Friday, March 12, 2010

17 (interrupted)

I stood, at 17, in the basement of my parents home, looking at the yellow backpack hanging on the wall, deciding. Deciding whether to walk away and never come back to this place, or to leave a world in which only nature had ever treated me kindly.

I started hitchhiking at 16. Looking for escape. Going to bars where I would get drunk and take any and all drugs I could find. What I could find was never much, it was a shit town full of small people. A man who picked me up hitchhiking some weeks before that day made me an offer. He lived in Asbury Park, New Jersey, a couple of hours north of where I lived and offered me a place to stay if I wanted it. He was about 35, and I was dubious, but anything was better than what I had.

So I packed and left. I had a little money, very little, about 200 dollars. Not saved from babysitting, which I tried and failed when I was 14. Not from my brief stint busing tables at Rustler Steak House, which I managed to get through a second cousin and was fired from after a month. On the day of my interview for that job, my mother could not be bothered to drive me, maybe she had a legitimate reason, I don't remember, but I walked the 3 or 4 miles to the restaurant. I was offered a ride by a 25 year old man in a Camaro just before I got to the place.
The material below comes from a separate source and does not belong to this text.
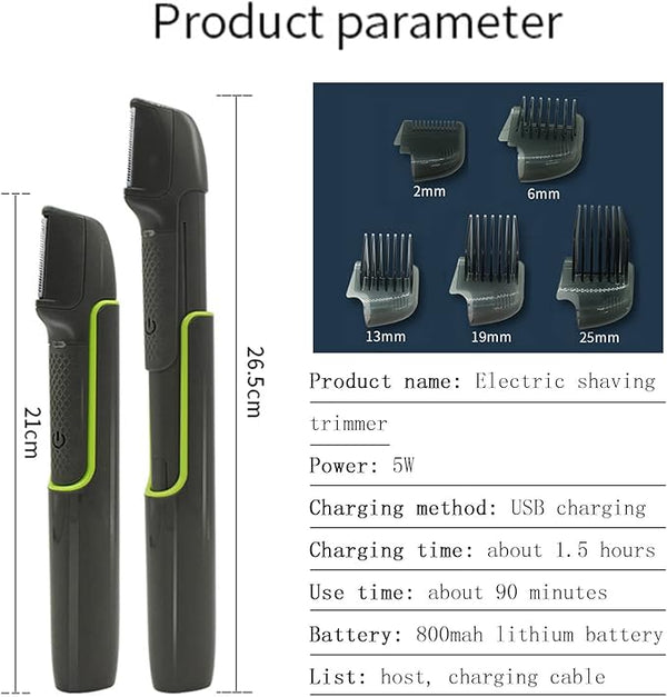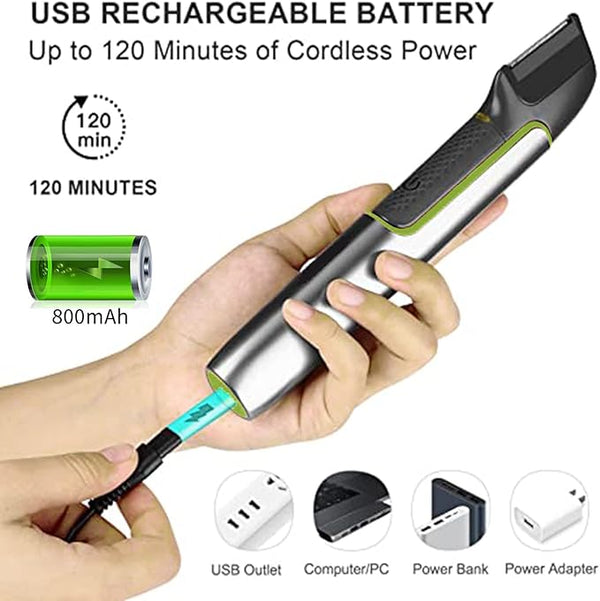 Rechargeable Body Trimmer for Men Skin-Gentle Wet and Dry Shave Hair Trimmer for Head & Body 6 Lengths 5 Combs and Case Electric ShaverUSB Charging Type

He told me he would wait for me to finish the interview. I was dubious, but I had nothing better in my life and needed something, so I went with him. After smoking a joint and some very aggressive struggling and refusals parked in a field, he drove me home and asked to see me again. I had no great desire to hold on to my virginity, I actually wanted to lose it as soon as possible, but I was not attracted to him. But he had a car and an endless supply of pot (he was a dealer), so I went out with him. Not to mention the fact that he was the only one expressing any interest in me. Though I was attractive, I was strange, and in a great deal of pain. It was a small town, with no art and little intelligence, and little tolerance for deviation.